Hooke's Law In Exercises 3-10, use Hooke's Law to determine the variable force in the spring problem. An overhead garage door has two springs, one on each side of the door. A force of 15 pounds is required to stretch each spring I foot. Because of the pulley system, the springs stretch only one-half the distance the door travels. The door moves a total of 8 feet and the springs are at their natural length when the door is open. Find the work done by the pair of springs.

Short answer

The work done by the pair of springs when the door moves 8 feet is 240 foot-pounds.

Step-by-step solution

Determine the Spring Constant

From the problem, it is understood that a force of 15 pounds stretches each spring by 1 foot.
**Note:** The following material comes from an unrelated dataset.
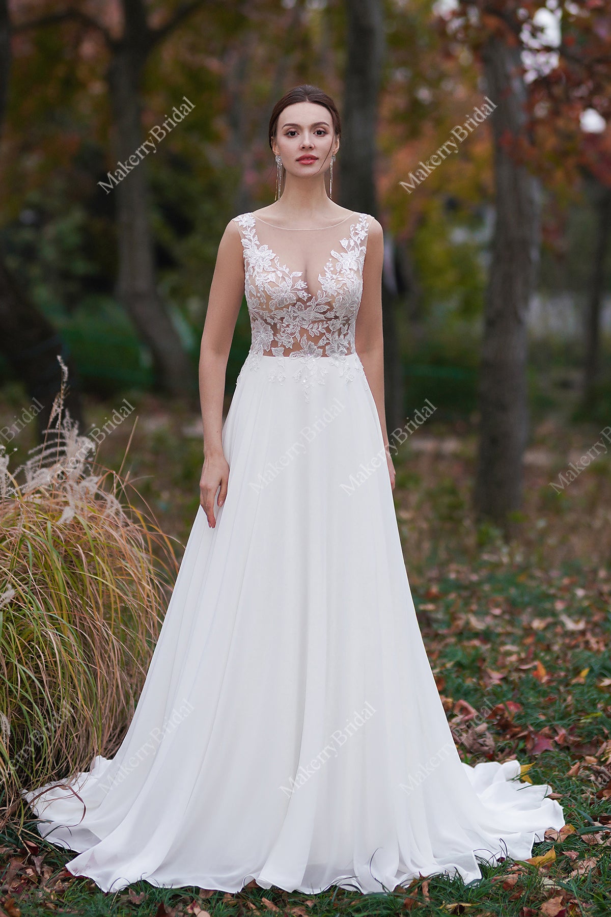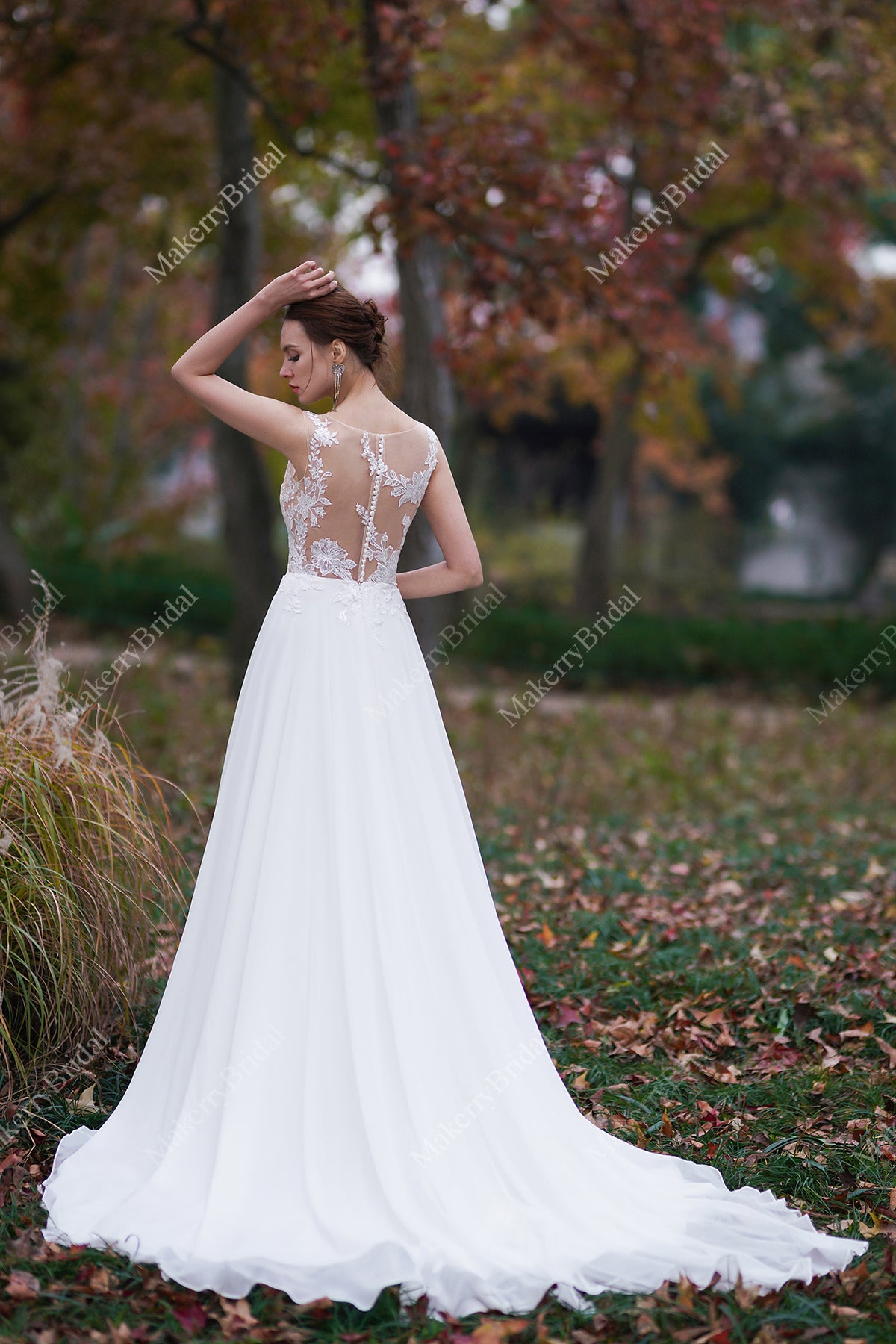 Sheer Lace Appliques Beach Wedding Dress

Therefore, the spring constant \(k\) is 15 lbs/ft.

Calculate the Distance Each Spring Stretches

The door moves a total of 8 feet and because of the pulley system, the springs stretch only half the distance. Therefore, the distance each spring stretches (\(x\)) is 8 / 2 = 4 feet.

Calculate the Work Done by One Spring

Work done to stretch or compress a spring is given by \(W = \frac{1}{2}kx^2\). Substituting the values for \(k\) (15 lbs/ft) and \(x\) (4 ft), we get \(W = \frac{1}{2} * 15 * (4^2) = 120\) foot-pounds.

Compute the Total Work Done by Both Springs

Since there are two springs and they both do the same amount of work, the total work done is twice the work done by one spring. Therefore, the total work is \(2 * W = 2 * 120 = 240\) foot-pounds.